━━━ Records for processing ━━━
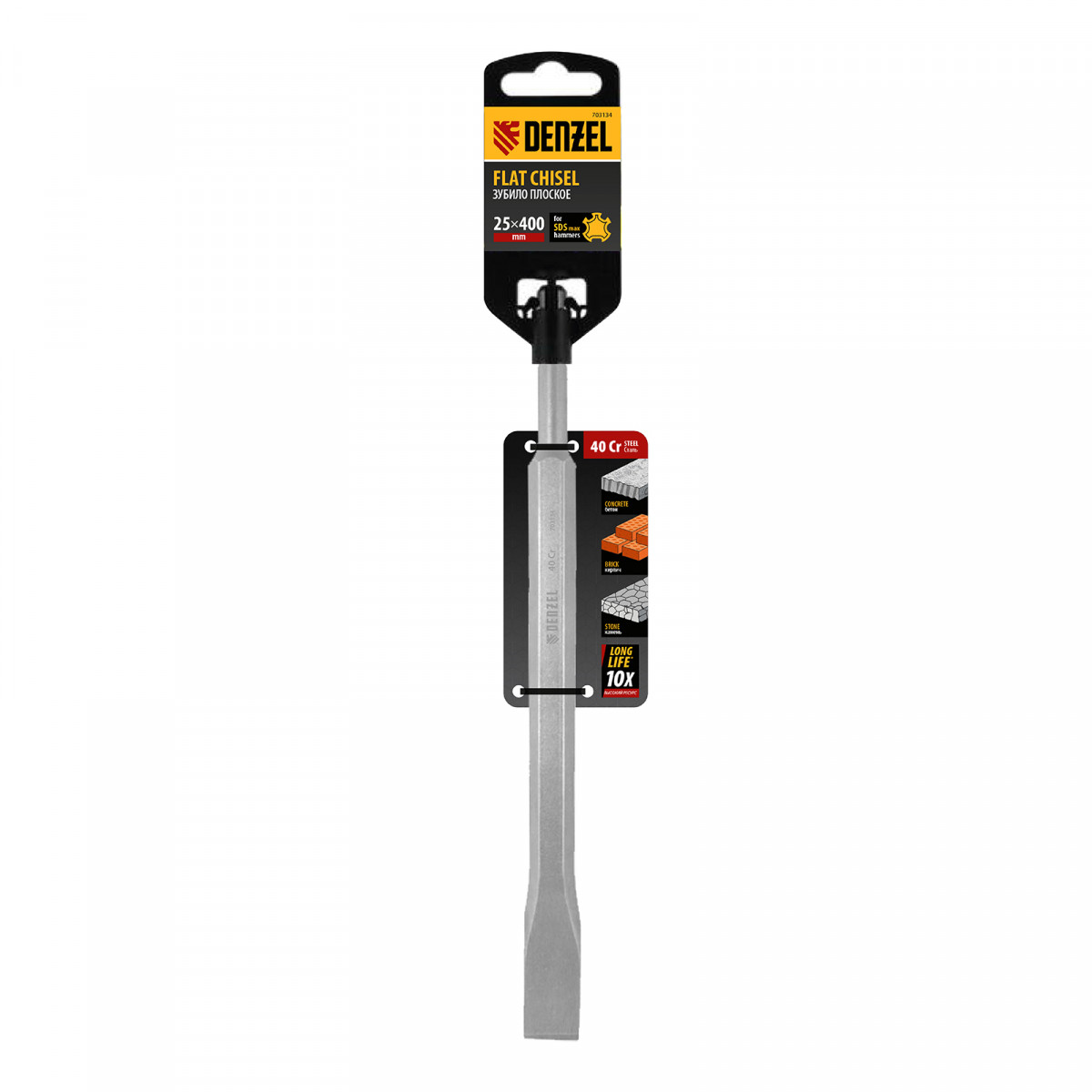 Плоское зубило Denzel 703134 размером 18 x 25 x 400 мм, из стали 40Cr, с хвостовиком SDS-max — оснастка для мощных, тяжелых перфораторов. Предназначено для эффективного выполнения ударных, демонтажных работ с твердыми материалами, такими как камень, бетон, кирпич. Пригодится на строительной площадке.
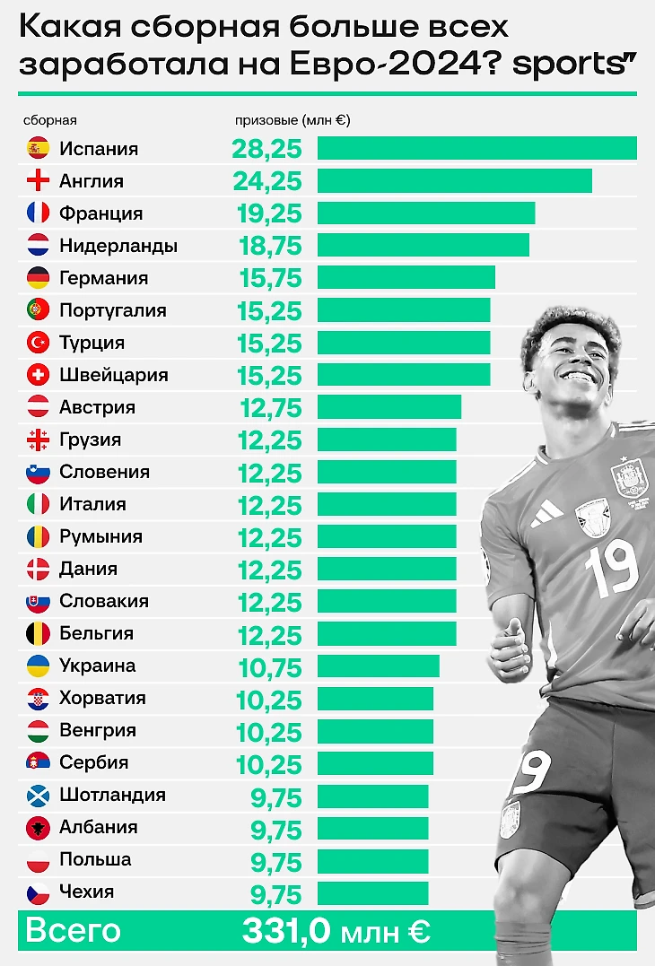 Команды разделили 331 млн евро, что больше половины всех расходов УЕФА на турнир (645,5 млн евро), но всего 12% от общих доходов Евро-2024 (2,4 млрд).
━━━
━━━ Records for processing ━━━
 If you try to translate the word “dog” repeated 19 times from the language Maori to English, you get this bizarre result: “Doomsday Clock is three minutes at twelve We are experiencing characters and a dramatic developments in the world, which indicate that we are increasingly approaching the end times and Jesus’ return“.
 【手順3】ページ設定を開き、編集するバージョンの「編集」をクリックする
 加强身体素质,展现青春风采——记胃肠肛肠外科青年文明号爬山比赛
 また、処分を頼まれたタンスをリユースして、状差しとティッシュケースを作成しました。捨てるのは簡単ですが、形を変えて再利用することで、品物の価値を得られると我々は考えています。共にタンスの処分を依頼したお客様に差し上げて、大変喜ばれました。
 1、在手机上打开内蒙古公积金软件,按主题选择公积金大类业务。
━━━
━━━ Records for processing ━━━
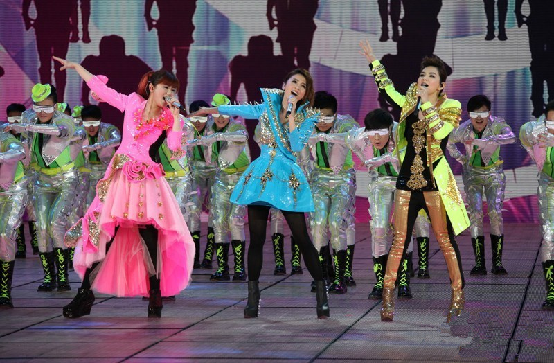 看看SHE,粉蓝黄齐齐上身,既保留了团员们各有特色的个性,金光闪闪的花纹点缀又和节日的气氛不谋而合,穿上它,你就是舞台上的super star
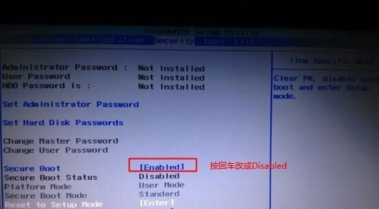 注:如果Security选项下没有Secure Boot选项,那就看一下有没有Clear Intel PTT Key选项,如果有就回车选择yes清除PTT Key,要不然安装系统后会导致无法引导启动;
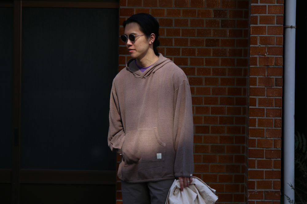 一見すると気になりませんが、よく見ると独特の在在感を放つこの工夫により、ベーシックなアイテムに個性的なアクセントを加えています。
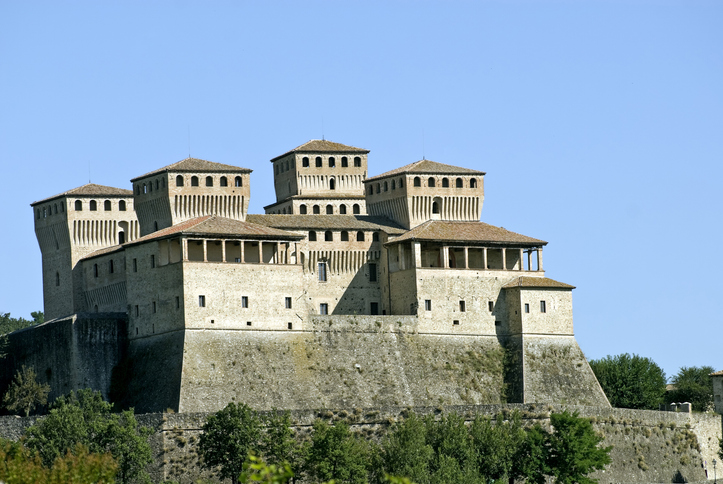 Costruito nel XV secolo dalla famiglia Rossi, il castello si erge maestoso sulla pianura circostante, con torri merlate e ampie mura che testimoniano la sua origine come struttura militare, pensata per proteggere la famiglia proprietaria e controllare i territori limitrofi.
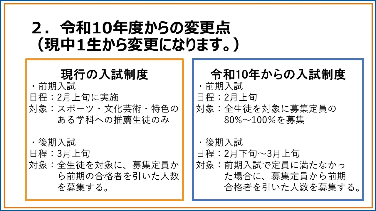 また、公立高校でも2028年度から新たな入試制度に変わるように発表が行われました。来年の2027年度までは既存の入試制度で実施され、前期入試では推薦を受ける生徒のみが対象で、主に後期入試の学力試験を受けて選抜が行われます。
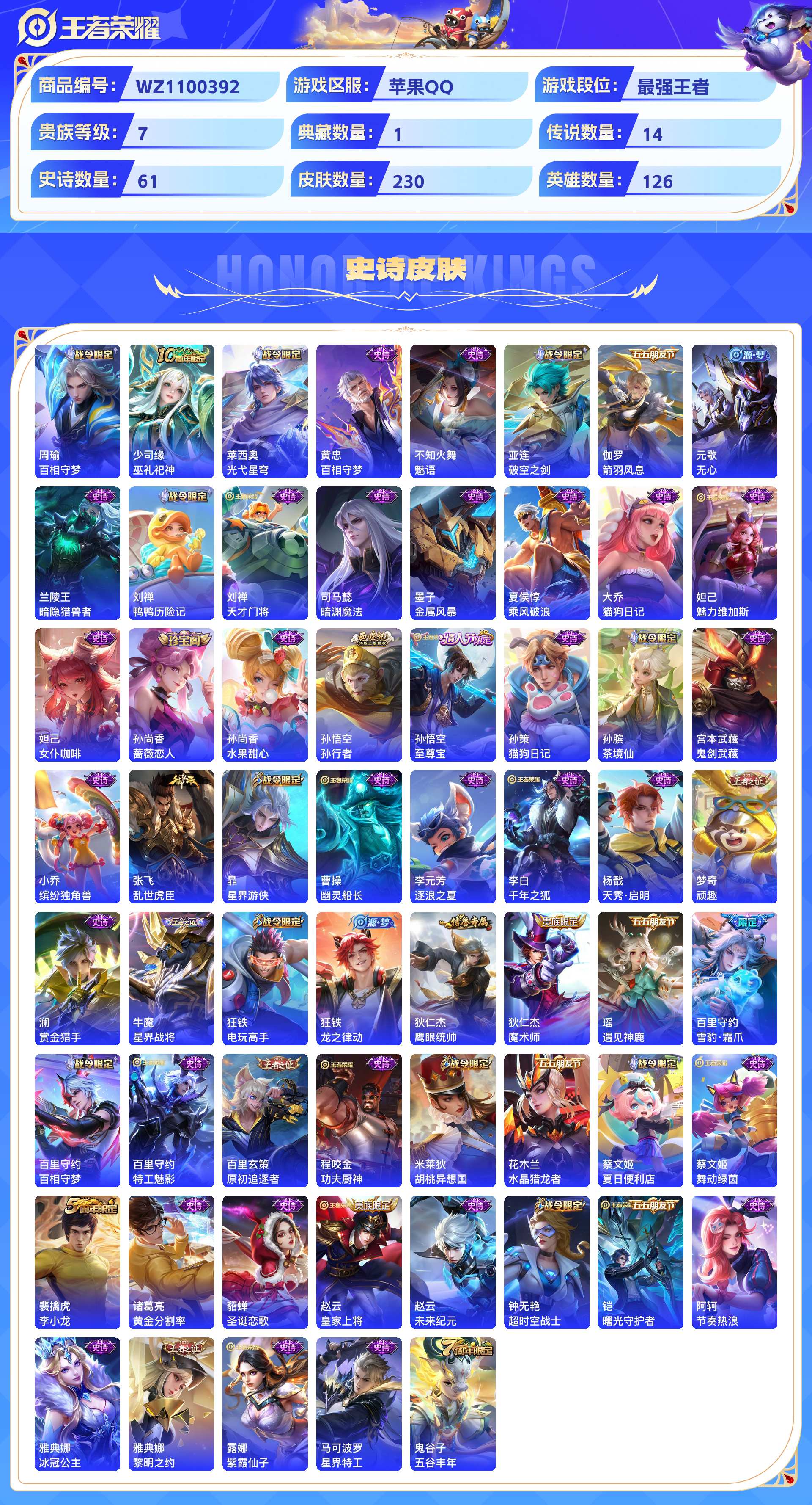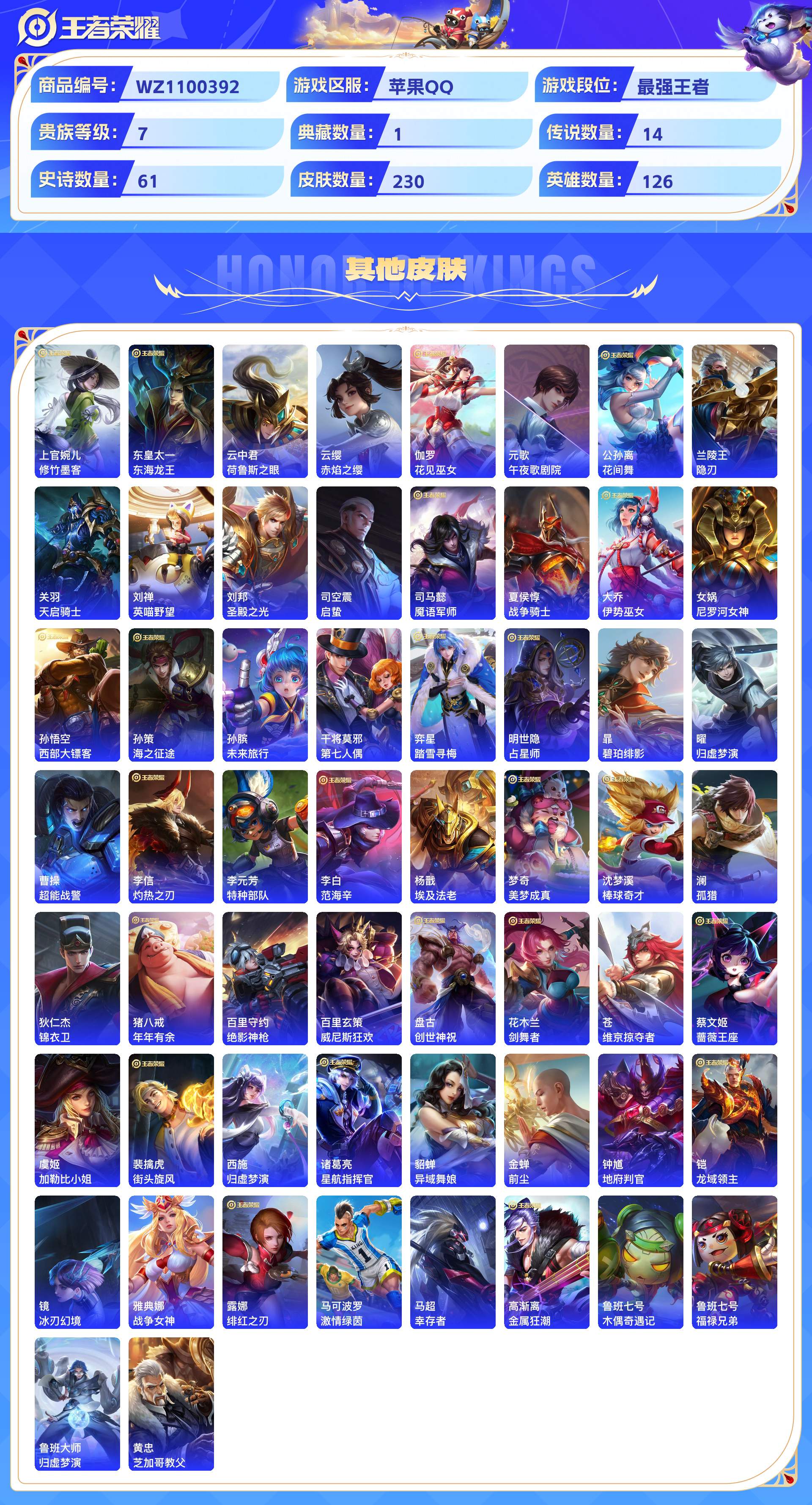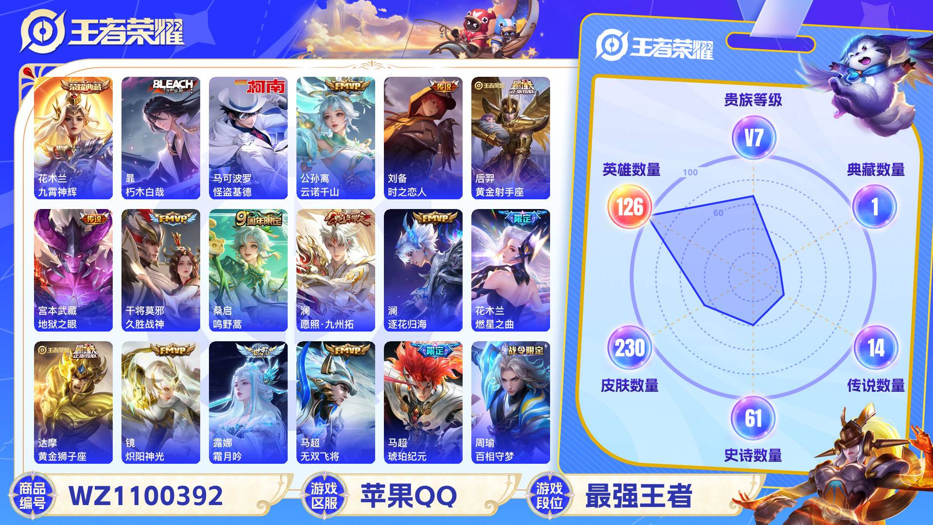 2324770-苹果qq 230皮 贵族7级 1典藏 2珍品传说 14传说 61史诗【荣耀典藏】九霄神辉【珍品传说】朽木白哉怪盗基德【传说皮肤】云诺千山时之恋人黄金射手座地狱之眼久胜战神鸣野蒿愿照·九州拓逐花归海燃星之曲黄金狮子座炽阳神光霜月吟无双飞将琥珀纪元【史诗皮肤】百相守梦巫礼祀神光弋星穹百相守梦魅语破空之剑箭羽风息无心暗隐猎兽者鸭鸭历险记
━━━
Please make an exact copy of the lines above from the line with "加强身体素质,展现青春风采——记胃肠肛肠外科青年文明号爬山比赛" through the line with "1、在手机上打开内蒙古公积金软件,按主题选择公积金大类业务。", both ends included.

 加强身体素质,展现青春风采——记胃肠肛肠外科青年文明号爬山比赛
 また、処分を頼まれたタンスをリユースして、状差しとティッシュケースを作成しました。捨てるのは簡単ですが、形を変えて再利用することで、品物の価値を得られると我々は考えています。共にタンスの処分を依頼したお客様に差し上げて、大変喜ばれました。
 1、在手机上打开内蒙古公积金软件,按主题选择公积金大类业务。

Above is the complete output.